PROVIDED DATA:
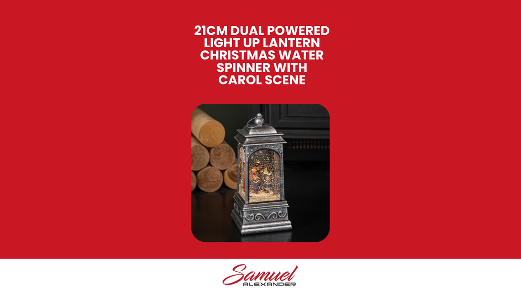 Bring a touch of nostalgic festive charm to your home with this 21cm Light Up Lantern Water Spinner with Christmas Carol Scene. Designed with a beautiful rustic effect finish, this decorative piece captures the warmth and magic of a traditional Christmas.
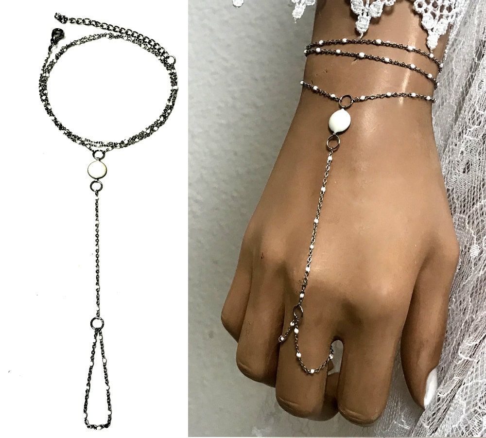 Délicat et raffiné, ce Bracelet avec doigt perle blanche acier inoxydable argent composé de mini perles blanches et d’un motif rond en acier émaillé blanc répartis sur une fine chaine, formant un bracelet relié à une chainette formant la bague, délivre toute sa finesse, et vous fera tout simplement craquer!
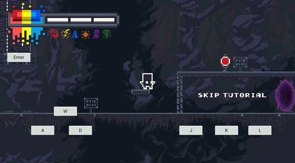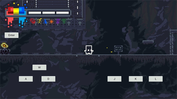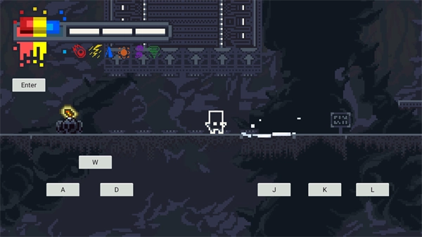 3、游戏力玩家们还可以进行二段跳,玩家们来到敌人面前按“J”键以使用红色,来杀死敌人或与目标交互,游戏的左上角是当当前玩家们的技能cd;

YOUR OBJECTIVE: Print the material exactly as given, but not the pictures.

RESPONSE:
 Bring a touch of nostalgic festive charm to your home with this 21cm Light Up Lantern Water Spinner with Christmas Carol Scene. Designed with a beautiful rustic effect finish, this decorative piece captures the warmth and magic of a traditional Christmas.
 Délicat et raffiné, ce Bracelet avec doigt perle blanche acier inoxydable argent composé de mini perles blanches et d’un motif rond en acier émaillé blanc répartis sur une fine chaine, formant un bracelet relié à une chainette formant la bague, délivre toute sa finesse, et vous fera tout simplement craquer!
 3、游戏力玩家们还可以进行二段跳,玩家们来到敌人面前按“J”键以使用红色,来杀死敌人或与目标交互,游戏的左上角是当当前玩家们的技能cd;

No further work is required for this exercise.